_DESCRIPTION OF THE TASK:_ Output all entries below exactly as they are given.

[[ GIVEN DATA open ]]

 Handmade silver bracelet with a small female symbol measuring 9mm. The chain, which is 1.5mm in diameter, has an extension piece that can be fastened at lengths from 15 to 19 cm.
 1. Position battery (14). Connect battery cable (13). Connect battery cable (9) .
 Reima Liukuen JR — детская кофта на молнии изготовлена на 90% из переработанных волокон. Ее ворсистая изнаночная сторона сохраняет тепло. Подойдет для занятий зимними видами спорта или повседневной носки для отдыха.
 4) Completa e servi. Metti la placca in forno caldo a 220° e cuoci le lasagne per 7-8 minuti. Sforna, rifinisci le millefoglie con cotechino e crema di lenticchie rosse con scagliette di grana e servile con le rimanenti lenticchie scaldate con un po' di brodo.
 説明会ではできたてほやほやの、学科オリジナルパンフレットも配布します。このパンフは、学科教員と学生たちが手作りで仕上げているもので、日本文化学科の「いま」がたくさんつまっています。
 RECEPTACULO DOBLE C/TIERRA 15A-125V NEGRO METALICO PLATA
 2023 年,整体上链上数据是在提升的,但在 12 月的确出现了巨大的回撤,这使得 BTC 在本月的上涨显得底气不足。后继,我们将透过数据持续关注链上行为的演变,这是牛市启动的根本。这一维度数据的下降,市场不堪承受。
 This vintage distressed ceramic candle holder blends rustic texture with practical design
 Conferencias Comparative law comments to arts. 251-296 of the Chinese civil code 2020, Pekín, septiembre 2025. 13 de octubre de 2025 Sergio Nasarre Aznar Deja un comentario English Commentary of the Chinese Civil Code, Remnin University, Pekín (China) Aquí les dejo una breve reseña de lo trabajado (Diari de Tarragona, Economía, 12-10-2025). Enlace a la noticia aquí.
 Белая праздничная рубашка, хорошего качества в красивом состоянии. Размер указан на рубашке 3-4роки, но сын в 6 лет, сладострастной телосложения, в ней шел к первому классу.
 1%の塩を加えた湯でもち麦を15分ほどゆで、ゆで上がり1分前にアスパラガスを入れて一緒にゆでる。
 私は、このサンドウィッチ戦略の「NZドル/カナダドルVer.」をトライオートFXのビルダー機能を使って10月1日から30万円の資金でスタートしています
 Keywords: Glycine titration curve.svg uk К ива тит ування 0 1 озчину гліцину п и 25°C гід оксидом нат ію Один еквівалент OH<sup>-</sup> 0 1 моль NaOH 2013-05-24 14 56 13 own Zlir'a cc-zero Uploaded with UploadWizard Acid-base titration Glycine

[[ GIVEN DATA closed ]]

_ANSWER TO THIS EXERCISE:_
 Handmade silver bracelet with a small female symbol measuring 9mm. The chain, which is 1.5mm in diameter, has an extension piece that can be fastened at lengths from 15 to 19 cm.
 1. Position battery (14). Connect battery cable (13). Connect battery cable (9) .
 Reima Liukuen JR — детская кофта на молнии изготовлена на 90% из переработанных волокон. Ее ворсистая изнаночная сторона сохраняет тепло. Подойдет для занятий зимними видами спорта или повседневной носки для отдыха.
 4) Completa e servi. Metti la placca in forno caldo a 220° e cuoci le lasagne per 7-8 minuti. Sforna, rifinisci le millefoglie con cotechino e crema di lenticchie rosse con scagliette di grana e servile con le rimanenti lenticchie scaldate con un po' di brodo.
 説明会ではできたてほやほやの、学科オリジナルパンフレットも配布します。このパンフは、学科教員と学生たちが手作りで仕上げているもので、日本文化学科の「いま」がたくさんつまっています。
 RECEPTACULO DOBLE C/TIERRA 15A-125V NEGRO METALICO PLATA
 2023 年,整体上链上数据是在提升的,但在 12 月的确出现了巨大的回撤,这使得 BTC 在本月的上涨显得底气不足。后继,我们将透过数据持续关注链上行为的演变,这是牛市启动的根本。这一维度数据的下降,市场不堪承受。
 This vintage distressed ceramic candle holder blends rustic texture with practical design
 Conferencias Comparative law comments to arts. 251-296 of the Chinese civil code 2020, Pekín, septiembre 2025. 13 de octubre de 2025 Sergio Nasarre Aznar Deja un comentario English Commentary of the Chinese Civil Code, Remnin University, Pekín (China) Aquí les dejo una breve reseña de lo trabajado (Diari de Tarragona, Economía, 12-10-2025). Enlace a la noticia aquí.
 Белая праздничная рубашка, хорошего качества в красивом состоянии. Размер указан на рубашке 3-4роки, но сын в 6 лет, сладострастной телосложения, в ней шел к первому классу.
 1%の塩を加えた湯でもち麦を15分ほどゆで、ゆで上がり1分前にアスパラガスを入れて一緒にゆでる。
 私は、このサンドウィッチ戦略の「NZドル/カナダドルVer.」をトライオートFXのビルダー機能を使って10月1日から30万円の資金でスタートしています
 Keywords: Glycine titration curve.svg uk К ива тит ування 0 1 озчину гліцину п и 25°C гід оксидом нат ію Один еквівалент OH<sup>-</sup> 0 1 моль NaOH 2013-05-24 14 56 13 own Zlir'a cc-zero Uploaded with UploadWizard Acid-base titration Glycine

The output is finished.